By Joseph Ax
(Reuters) – Republican Texas Governor Greg Abbott will try to hold off challengers on his right flank on Tuesday to set up a likely November election against Democratic former Congressman Beto O’Rourke as the state holds the first nominating contest of the U.S. midterms.
Voters will also pick their parties’ nominees for the U.S. House of Representatives and other statewide offices in primary elections that will provide the first test of a wave of new restrictions on voting passed in response to Donald Trump’s false claims of election fraud.
The results will offer clues about the mood of American voters who decide on Nov. 8 which party will control Congress for the rest of President Joe Biden’s four-year term in office.
The voting comes the same day that Biden — struggling with low public approval and facing a major foreign policy crisis in Russia’s invasion of Ukraine — delivers his annual State of the Union address to the American people.
Midterms typically serve as a referendum on the sitting president, and Republicans are favored to win a majority in at least one of the two chambers of Congress that Democrats control by razor-thin margins. Doing so would allow them to block Biden’s legislative agenda and to launch potentially damaging investigations into his administration.
Texas’s Republican attorney general, Ken Paxton, is running for a third term, despite his pending 2015 indictment for securities fraud.

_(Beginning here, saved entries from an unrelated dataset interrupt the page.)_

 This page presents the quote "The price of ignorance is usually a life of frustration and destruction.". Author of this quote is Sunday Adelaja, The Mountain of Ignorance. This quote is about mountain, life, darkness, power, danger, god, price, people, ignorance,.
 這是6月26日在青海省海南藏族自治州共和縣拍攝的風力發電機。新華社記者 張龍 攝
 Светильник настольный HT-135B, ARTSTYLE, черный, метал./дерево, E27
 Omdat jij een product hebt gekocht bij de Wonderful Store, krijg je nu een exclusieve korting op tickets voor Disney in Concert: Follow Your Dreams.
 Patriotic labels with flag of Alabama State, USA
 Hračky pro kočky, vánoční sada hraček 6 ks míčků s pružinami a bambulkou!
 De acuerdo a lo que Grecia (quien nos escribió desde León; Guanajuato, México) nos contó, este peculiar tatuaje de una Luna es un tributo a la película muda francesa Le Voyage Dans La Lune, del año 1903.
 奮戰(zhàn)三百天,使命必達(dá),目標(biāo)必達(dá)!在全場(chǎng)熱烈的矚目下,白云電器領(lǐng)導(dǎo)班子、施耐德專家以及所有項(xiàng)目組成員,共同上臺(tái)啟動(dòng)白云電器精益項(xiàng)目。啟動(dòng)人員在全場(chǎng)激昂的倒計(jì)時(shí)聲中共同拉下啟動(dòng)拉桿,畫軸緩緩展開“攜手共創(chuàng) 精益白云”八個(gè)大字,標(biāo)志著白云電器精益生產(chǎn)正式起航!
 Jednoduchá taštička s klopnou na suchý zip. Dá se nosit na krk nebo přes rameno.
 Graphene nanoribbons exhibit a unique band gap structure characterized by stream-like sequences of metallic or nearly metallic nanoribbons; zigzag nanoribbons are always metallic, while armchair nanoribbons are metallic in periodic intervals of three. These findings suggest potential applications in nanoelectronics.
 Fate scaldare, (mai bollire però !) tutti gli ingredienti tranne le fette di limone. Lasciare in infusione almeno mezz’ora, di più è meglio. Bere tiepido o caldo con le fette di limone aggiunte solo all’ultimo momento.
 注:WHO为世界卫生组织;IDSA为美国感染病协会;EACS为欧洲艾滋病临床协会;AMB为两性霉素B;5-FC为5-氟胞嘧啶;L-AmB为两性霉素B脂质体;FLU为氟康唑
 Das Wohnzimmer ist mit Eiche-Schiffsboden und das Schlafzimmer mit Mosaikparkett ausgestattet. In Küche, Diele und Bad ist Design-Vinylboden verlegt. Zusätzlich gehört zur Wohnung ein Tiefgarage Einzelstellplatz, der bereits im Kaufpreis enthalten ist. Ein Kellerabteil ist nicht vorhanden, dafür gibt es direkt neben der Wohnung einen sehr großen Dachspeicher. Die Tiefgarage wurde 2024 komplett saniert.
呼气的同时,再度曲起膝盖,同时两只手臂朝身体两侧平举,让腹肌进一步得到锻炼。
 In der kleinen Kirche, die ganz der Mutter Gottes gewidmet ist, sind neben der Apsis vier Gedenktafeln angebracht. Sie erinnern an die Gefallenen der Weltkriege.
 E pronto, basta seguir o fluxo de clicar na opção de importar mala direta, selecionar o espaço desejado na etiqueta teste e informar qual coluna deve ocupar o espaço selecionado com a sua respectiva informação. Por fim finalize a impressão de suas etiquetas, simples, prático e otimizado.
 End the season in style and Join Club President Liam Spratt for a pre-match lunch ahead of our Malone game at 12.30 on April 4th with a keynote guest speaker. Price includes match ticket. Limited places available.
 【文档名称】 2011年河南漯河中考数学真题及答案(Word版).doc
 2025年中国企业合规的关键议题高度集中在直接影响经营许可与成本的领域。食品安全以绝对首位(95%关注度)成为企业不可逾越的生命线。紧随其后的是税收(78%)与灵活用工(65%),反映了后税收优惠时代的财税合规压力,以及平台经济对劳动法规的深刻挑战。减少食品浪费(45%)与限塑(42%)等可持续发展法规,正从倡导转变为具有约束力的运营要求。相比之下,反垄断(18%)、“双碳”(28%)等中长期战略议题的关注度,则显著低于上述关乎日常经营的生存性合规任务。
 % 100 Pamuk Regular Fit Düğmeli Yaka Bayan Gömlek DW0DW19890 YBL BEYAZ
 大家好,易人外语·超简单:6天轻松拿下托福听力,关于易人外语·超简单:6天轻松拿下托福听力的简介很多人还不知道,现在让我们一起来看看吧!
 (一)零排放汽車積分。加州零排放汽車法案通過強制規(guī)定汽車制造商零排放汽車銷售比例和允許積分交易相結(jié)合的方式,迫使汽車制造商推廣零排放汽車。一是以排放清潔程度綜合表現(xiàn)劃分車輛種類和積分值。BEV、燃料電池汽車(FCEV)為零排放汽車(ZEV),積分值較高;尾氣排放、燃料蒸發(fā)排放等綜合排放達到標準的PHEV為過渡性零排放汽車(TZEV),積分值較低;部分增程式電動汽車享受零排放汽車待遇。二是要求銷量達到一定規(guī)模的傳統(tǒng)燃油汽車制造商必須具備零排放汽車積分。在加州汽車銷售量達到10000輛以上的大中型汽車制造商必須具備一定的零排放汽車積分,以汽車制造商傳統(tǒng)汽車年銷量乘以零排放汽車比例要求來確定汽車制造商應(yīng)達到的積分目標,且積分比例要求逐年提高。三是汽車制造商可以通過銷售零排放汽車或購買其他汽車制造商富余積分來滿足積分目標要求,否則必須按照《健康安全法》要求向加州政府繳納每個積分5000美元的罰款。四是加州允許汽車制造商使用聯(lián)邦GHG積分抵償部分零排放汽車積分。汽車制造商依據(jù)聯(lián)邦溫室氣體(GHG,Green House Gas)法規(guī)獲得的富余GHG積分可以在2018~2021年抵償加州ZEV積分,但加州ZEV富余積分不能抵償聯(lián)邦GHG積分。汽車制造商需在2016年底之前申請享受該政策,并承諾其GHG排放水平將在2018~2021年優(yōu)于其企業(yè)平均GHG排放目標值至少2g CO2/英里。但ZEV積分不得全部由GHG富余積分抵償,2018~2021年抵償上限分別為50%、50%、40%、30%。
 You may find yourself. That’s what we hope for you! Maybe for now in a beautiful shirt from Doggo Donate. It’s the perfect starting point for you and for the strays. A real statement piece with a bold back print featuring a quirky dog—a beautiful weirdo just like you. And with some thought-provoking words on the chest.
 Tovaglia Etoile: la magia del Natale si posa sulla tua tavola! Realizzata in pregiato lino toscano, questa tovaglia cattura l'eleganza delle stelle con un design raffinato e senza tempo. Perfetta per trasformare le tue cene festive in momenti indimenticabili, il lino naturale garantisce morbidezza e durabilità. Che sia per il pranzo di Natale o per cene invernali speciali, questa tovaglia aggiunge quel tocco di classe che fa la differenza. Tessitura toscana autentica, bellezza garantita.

Paxton has denied any wrongdoing and has been endorsed by former President Trump.
His Republican opponents include firebrand U.S. Representative Louie Gohmert, Land Commissioner George P. Bush, grandson of former President George H.W. Bush and former state Supreme Court Justice Eva Guzman.
Under Texas law, if no candidate exceeds 50% of the vote, the two top vote-getters advance to a runoff election on May 24.
LARGE NUMBERS OF BALLOTS REJECTED
Republican lawmakers and Abbott muscled sweeping new voting restrictions through the state legislature last year over objections from Democrats and civil rights groups. In the past few weeks, elections officials in several counties have reported an unprecedented number of rejected mail-in ballots due to new identification requirements.
Abbott has pursued increasingly conservative policies during his second term, including opposing COVID-19 vaccine and mask mandates, signing the country’s most restrictive abortion ban and supporting a Mexico border wall.
Last week, Abbott instructed state agencies to consider medical treatment for transgender adolescents as child abuse, days after Paxton issued a legal opinion to that effect. While the legal effect of the order remains unclear, transgender advocates decried the move as discriminatory and dangerous.
Abbott’s most notable opponents, former Texas Republican Party Chairman Allen West and former state Senator Don Huffines, lag far behind; polls suggest Abbott is likely to avoid a runoff altogether. The governor secured Trump’s endorsement last summer and has nearly $50 million in campaign money.
“Abbott has not left much room to the right of him for these competitors to gain any traction,” said James Henson, director of the Texas Politics Project at the University of Texas. “He’s had his foot on the gas pedal in a perpetual right turn.”
O’Rourke, a formidable fundraiser in his own right who ran a surprisingly strong but unsuccessful run for Senate in 2018, has taken in more than $13 million since launching his campaign in November. He reported having $6.7 million on hand as of Feb. 19.
The Democrat has attacked Abbott for his handling of the state’s power grid, which failed during a series of winter storms that killed hundreds in February 2021.
Abbott has sought to tie O’Rourke to national Democrats, including Biden, at every opportunity, pointing to statement’s from O’Rourke’s brief 2020 presidential campaign to portray him as far too liberal for Texas.
Among congressional races, Republican-backed redistricting has eliminated virtually every competitive district, but some primaries will provide early looks at how each party is navigating internal tensions.
In the 28th District in south Texas, incumbent Representative Henry Cuellar, one of the most conservative House Democrats, will face progressive Jessica Cisneros for the second time.
Either could prove vulnerable in November. Federal investigators searched Cuellar’s home recently, though Cuellar has denied any wrongdoing. Cisneros, who is closely aligned with liberals such as Representative Alexandria Ocasio-Cortez, may be susceptible to Republican attacks that she is too extreme.
Republicans have their own proxy battle in the 8th District, where House leadership has backed former Navy SEAL Morgan Luttrell. But Trump acolytes in the House favor Christian Collins, a former campaign aide to Senator Ted Cruz.
The 15th District, perhaps the most competitive seat this fall, has a crowded field for both parties after incumbent Democrat Vicente Gonzalez opted to run in a neighboring district. Republicans are hopeful they can flip the seat in November after Trump showed unexpected strength among Hispanic voters in 2020.